Another problem is that federal spending projects are ineffective. “In 2021, the Biden administration committed $7.5 billion to an ambitious nationwide program of electric-vehicle charging stations,” journalist David Frum writes in The Atlantic. “To date, seven stations have been built, for a total of 38 charging points. (By contrast, the private sector in the U.S. had installed more than 64,000 stations by the end of 2023, with some 175,000 charging points.)” Let the market work.
Finally, if the goal of the IRA is reducing carbon dioxide emissions, it is a waste of money. “Unlike most other nations on the planet, the U.S. has substantially reduced its carbon emissions over the past 15 years,” economist Bjorn Lomborg wrote in 2022. “This is largely owing to the fracking revolution that replaced a lot of America’s coal with natural gas, which is cheaper and cleaner.” In an ironic twist, the IRA imposes new taxes on natural gas.
The IRA monkeyed with contemporary prices, of course. It has the more dangerous effect of devaluing the dollar in the long-term, because the federal government has no plan to pay back the money it borrowed to spend through the IRA.

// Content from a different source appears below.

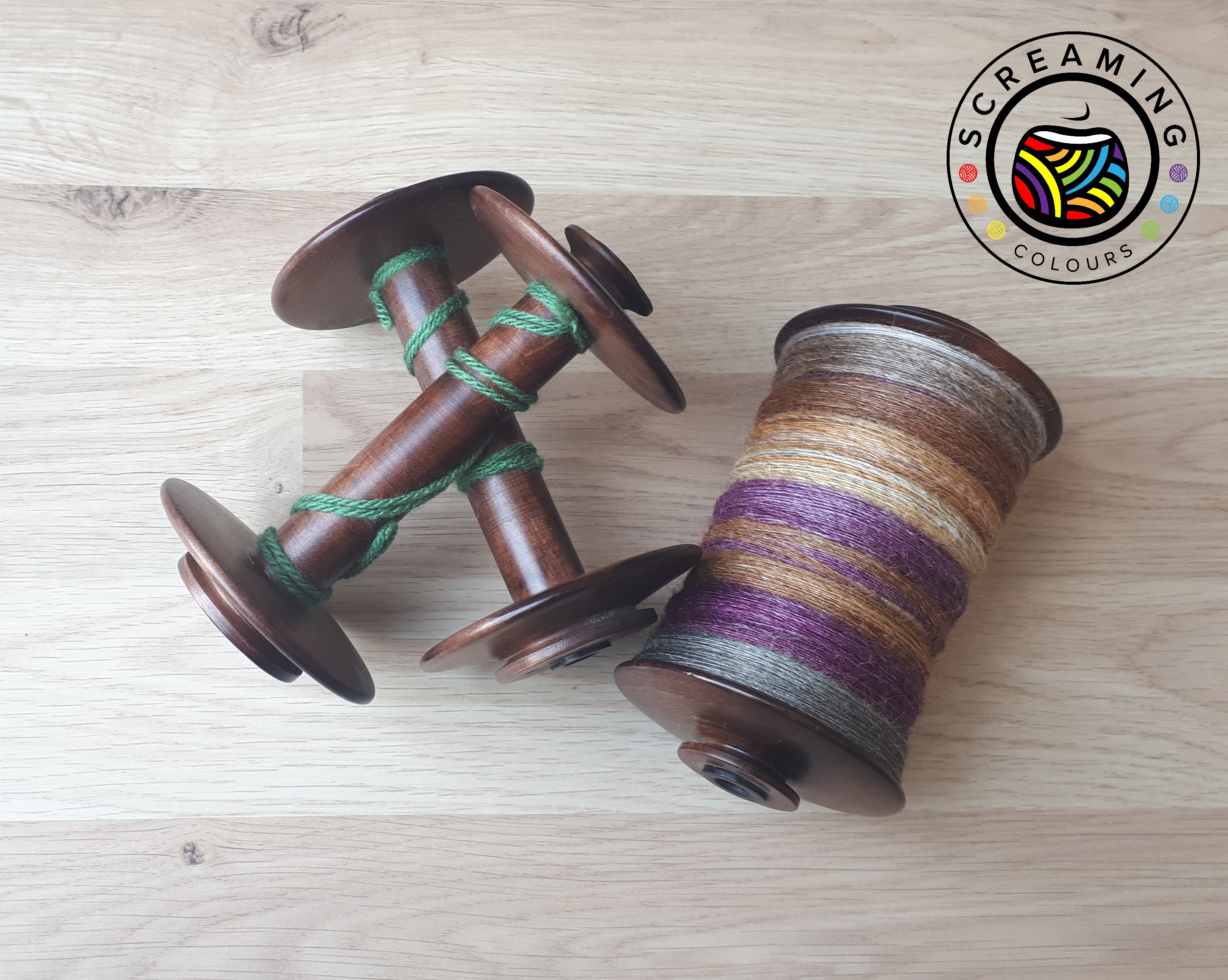 Anschließend habe ich je zwei Spulen miteinander verzwirnt, sodass ich 3 große Garnstränge mit je ca. 200g erhalten habe. Hierfür habe ich beim Verzwirnen meine Jumbospulen benutzt. Ich mag einfach große Stränge lieber. Das bedeutet bei einem Pullover einfach weniger Fäden vernähen. 😀

The Clean Capitalist Leadership Council provides several recommendations that could be plugged in to replace the IRA. “Open markets (power, energy and other sectors) to competition, free trade, rule of law, simplified permitting, inclusive economic rights and democratic self-regulation,” are all approaches that it recommends. Also, “eliminate conventional subsidies for profitable enterprise” such as Intel is (or is supposed to be).
Even without Joe Biden on the ticket, there is no need to wait until November to drive change. Lawmakers should repeal the IRA today, and finally take a step to bolster, rather than reduce, the value of the dollar.